Record excerpts:

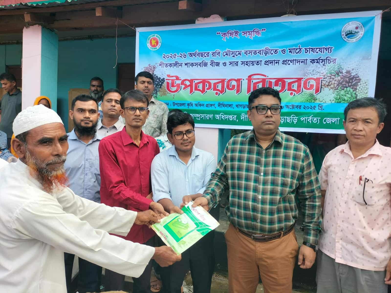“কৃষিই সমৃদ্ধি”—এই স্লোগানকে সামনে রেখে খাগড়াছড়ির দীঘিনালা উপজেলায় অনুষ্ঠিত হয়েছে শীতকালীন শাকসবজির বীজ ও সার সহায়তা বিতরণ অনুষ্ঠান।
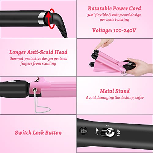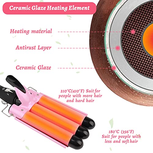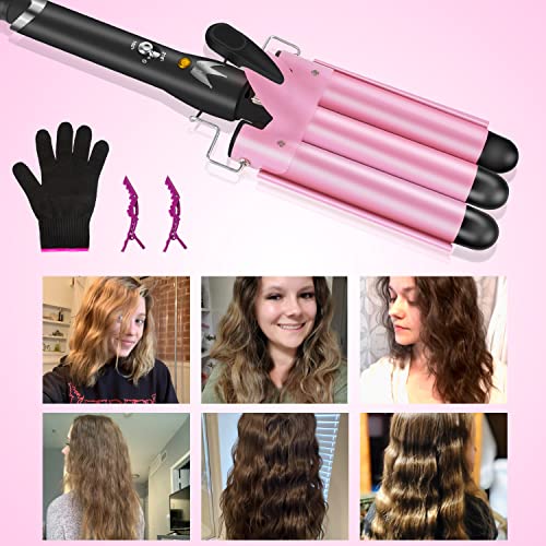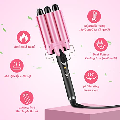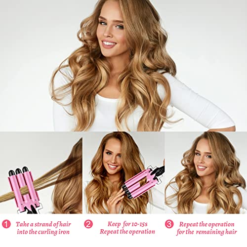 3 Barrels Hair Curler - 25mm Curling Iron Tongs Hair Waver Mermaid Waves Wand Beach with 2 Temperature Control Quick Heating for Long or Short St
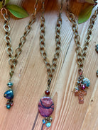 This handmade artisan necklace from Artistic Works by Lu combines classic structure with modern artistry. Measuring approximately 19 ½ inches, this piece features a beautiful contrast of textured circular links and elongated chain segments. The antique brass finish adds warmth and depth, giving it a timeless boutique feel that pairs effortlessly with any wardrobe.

...

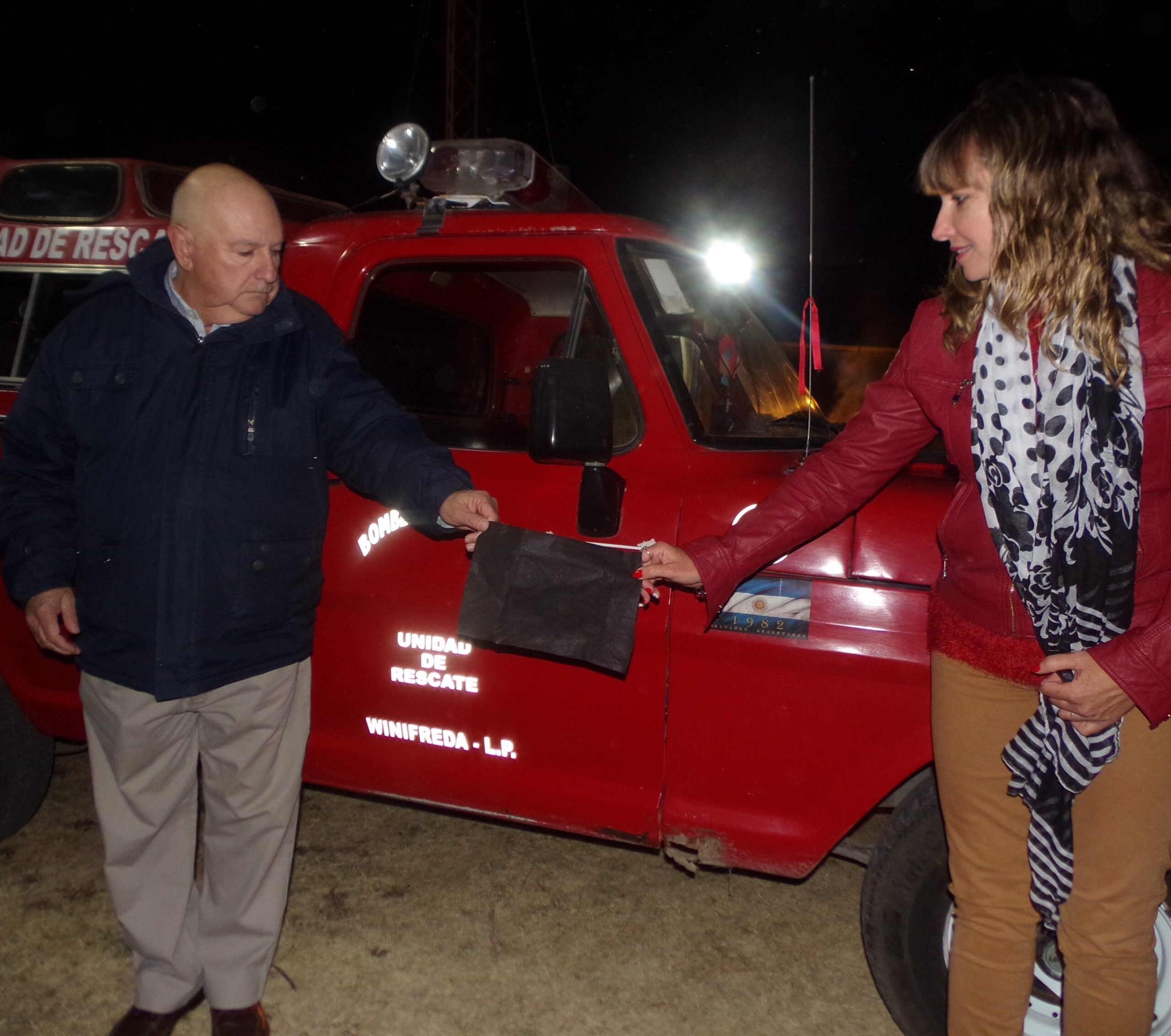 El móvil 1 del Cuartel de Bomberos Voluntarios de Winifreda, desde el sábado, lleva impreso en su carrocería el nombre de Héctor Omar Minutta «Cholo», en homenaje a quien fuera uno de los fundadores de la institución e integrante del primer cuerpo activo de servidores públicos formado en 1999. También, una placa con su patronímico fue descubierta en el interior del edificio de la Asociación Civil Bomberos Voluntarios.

Try it:
Although pictures appear among the records above, none are to be output; print exactly the lines from the line containing "সহায়তা বিতরণ অনুষ্ঠান।" through the line containing "This handmade artisan".

The completed task:
“কৃষিই সমৃদ্ধি”—এই স্লোগানকে সামনে রেখে খাগড়াছড়ির দীঘিনালা উপজেলায় অনুষ্ঠিত হয়েছে শীতকালীন শাকসবজির বীজ ও সার সহায়তা বিতরণ অনুষ্ঠান।
 3 Barrels Hair Curler - 25mm Curling Iron Tongs Hair Waver Mermaid Waves Wand Beach with 2 Temperature Control Quick Heating for Long or Short St
 This handmade artisan necklace from Artistic Works by Lu combines classic structure with modern artistry. Measuring approximately 19 ½ inches, this piece features a beautiful contrast of textured circular links and elongated chain segments. The antique brass finish adds warmth and depth, giving it a timeless boutique feel that pairs effortlessly with any wardrobe.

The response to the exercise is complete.